It's funny cause when Adele released Hello I instantly connected to the line, "They say that time's supposed to heal ya, but I ain't done much healing." Him and I have been fighting for like a year straight so I guess I should have seen this coming but I /still/ really believed that things would be different. I'm not even sure what I'm upset about. My intuition being wrong about him and I, him for letting me down in the end, or at myself for losing all of my friends for him.
The only good thing about us not being together anymore is that I can finally move on. I don't even wanna enter another relationship because I'm still bitter from my last one, and yet I don't like being single either. I have a few options right now but I'm not sure if I really wanna deal with this again. Everyday is literally a struggle because I didn't see our relationship ending so the pain lingers. Even his friends said how different he was ever since we got together and I noticed a change too. I guess some people just can't be helped.
I honestly don't feel depressed though. Well I do a little, but not entirely because of him. I'm more upset at myself for making poor decisions and letting someone else influence my happiness so much. I had a feeling I should have broken up with him the first time when we fought, but I kept going back to him or letting him come back to me. I should have known better but I believe in forgiveness because we all make mistakes. I think the lesson I ultimately learned is to stick to my intuition. If I had just left him the first time I would have been really sad, but I wouldn't be in this position right now. But at the same time I can't even blame myself for trying because him and I both made mistakes and tried to fix things. It just didn't work out in the end.

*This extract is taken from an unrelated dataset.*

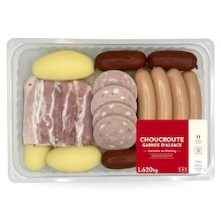 Ingrédients : Choucroute cuisinée 55% : Choucroute (origine France) 47%, jus de cuisson, saindoux, Riesling (contient SULFITES),

I'll be ok but I'm just really shocked right now. My life is so ironic and this one breakup isn't even half of what's been going on for the past few years. I feel much wiser than I was before and I'm starting to see how everything is interconnected. This experience also allowed me to reconnect to some old friends again and I'm really thankful for that. All in all, messy-breakup but back to old me. I feel like I have a personality again and I'm not just someone else's boyfriend. I'm just waiting for him to try and hit me up again so I can tell him to **** off, honestly. Otherwise I'm doing just fine, kinda.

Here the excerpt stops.